About 51 million Americans describe themselves as Roman Catholic, according to Pew Research Center’s 2014 Religious Landscape Study. The center’s data show that approximately 40% of Catholics attend church weekly.

Support among Catholic voters has swung back and forth in recent presidential elections. More than half backed Trump and just 44% chose Hillary Clinton in 2016. Catholics split almost evenly between Barack Obama and Mitt Romney in 2012. Obama had a 54% to 45% lead over John McCain among Catholic voters in 2008. They backed George W. Bush over John Kerry, a Catholic, in 2004.

Kerry faced similar criticism from Burke, who was archbishop of St. Louis during the 2004 presidential campaign. Burke barred Kerry from receiving Communion during campaign stops in Missouri, publicly criticizing him for supporting women’s legal right to terminate pregnancies.

Biden was denied Communion in October 2019 by a Catholic priest in South Carolina for the same reason. The Rev. Robert Morey said afterward in a statement that he refused to offer Biden the sacrament because “any public figure who advocates for abortion places himself or herself outside of Church teaching.”

“A Catholic in good standing is not refused Communion by a priest. Biden has [been],” said Bill Donohue, the president of the Catholic League for Religious and Civil Rights. “Thus, Cardinal Burke’s observation is not without merit.”
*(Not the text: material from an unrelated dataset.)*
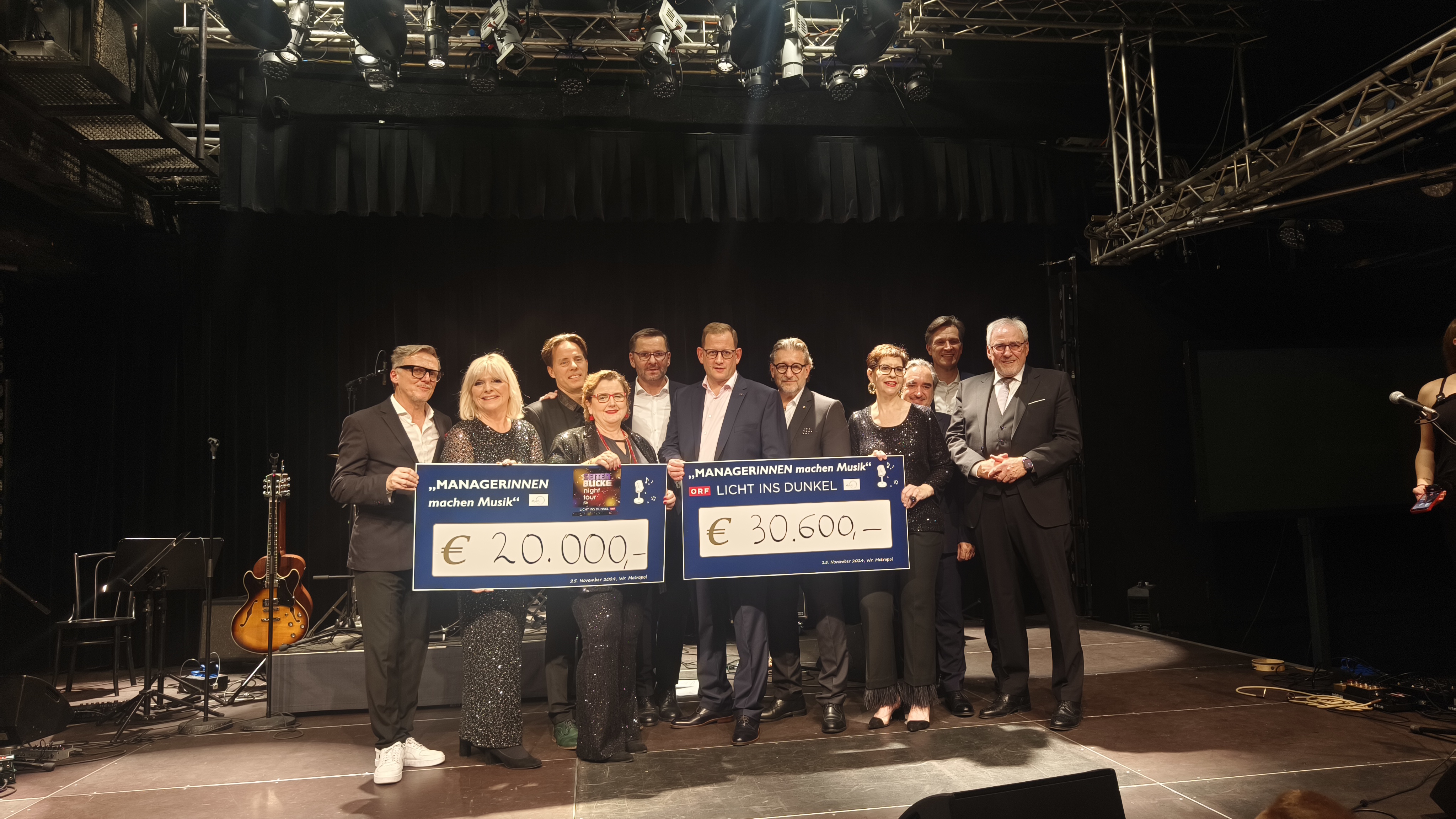 Bereits zum achtzehnten Mal fand Montagabend im Wiener Metropol die Charity-Veranstaltung „Manager:innen machen Musik“ statt. Die Initiatoren Thomas Zanyath (Versicherungsbüro Team Zanyath und Erfinder der Eventserie) und Christine Marek (CM Consulting) hatten zu einem unterhaltsamen Abend für den guten Zweck geladen. Freilich auch diesmal mit tatkräftiger Unterstützung von Freunden wie Manfred Bartalszky (Wiener Städtische Versicherung), Thomas Berghammer, Martin Brodey (DORDA Rechtsanwälte), MiJa Chun (Akakiko) mit Hong IL, Werner Fischl (PremiQaMed), Martin Himmelbauer (Himmelpower Communications), Peter Kleemann (Flughafen Wien), Ernst Machart (Wipark), Peter Pansky (prefect media), Lukas Pohl (Haus der Barmherzigkeit Gruppe), Eva Radinger (CliniClowns), Angela Walter-Gruber (ORF) und Susanne Wilding (Neurologisches Rehabilitationszentrum Rosenhügel). Peter Hofbauer stellte sein Theater Metropol zum Selbstkostentarif zur Verfügung und steuerte auch eine musikalische Einlage bei. Für die professionelle Umsetzung und überaus gelungene Arrangements sorgten einmal mehr Clemens Schaller & Band, Musicalstar Lukas Perman führte charmant durch den Abend.

Sara Hutchinson Ratcliffe, acting president of Catholics for Choice, condemned the cardinal’s comments as “out of touch,” and accused him of “weaponizing the Sacraments.”

“The majority of Catholics oppose denying candidates Communion for positions they hold,” she said. “In addition, the vast majority of U.S. Catholics support access to reproductive healthcare services for those who need them.”
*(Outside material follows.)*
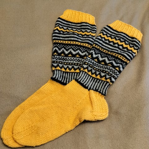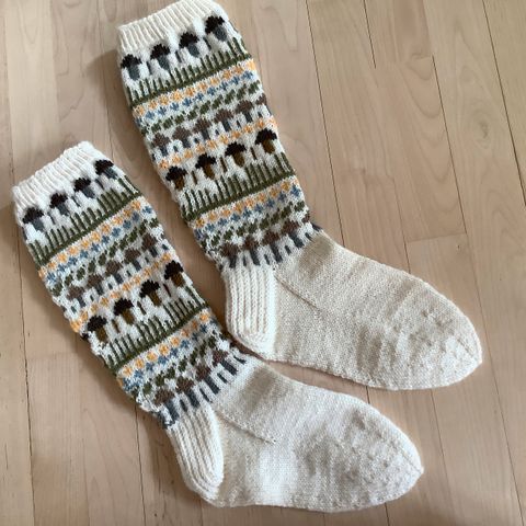 Uudet kirjoneulevillasukat 7 veljestä -lankaa noin 38 koon jalalle. Varren pituus 40cm.

Views about abortion among Catholics are split, according to Pew Research Center data from 2019. More than half, 56%, think it should be legal in most or all cases. Just 42% think it should be illegal in most or all cases.

Women in the United States had abortions approximately 862,320 times in 2017, the last year for which the nonprofit Guttmacher Institute has released statistics.
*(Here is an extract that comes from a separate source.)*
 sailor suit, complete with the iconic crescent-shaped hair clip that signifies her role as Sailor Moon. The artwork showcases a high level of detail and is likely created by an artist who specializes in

Thousands of Catholics gather annually in Washington to mark the anniversary of the U.S. Supreme Court’s “Roe v. Wade” decision, a 7-2 ruling that led to the legalization of abortion in all 50 states.

Trump attended the march in January 2020 and spoke to demonstrators, becoming the first U.S. president to endorse the event by showing up in person.

The advocacy arm of Planned Parenthood, a network of affiliated clinics that perform abortions as part of a menu of reproductive health services, has endorsed Biden. The group said it will triple its 2016 political spending to $45 million for the 2020 elections.

The president and the former vice president are scheduled to debate Tuesday night at Case Western Reserve University in Cleveland, Ohio. Moderator Chris Wallace, a Fox News Channel anchor, said on Sept. 22 that the Supreme Court will be among the topics—opening the door for verbal jabs about Barrett and the future of the Roe decision.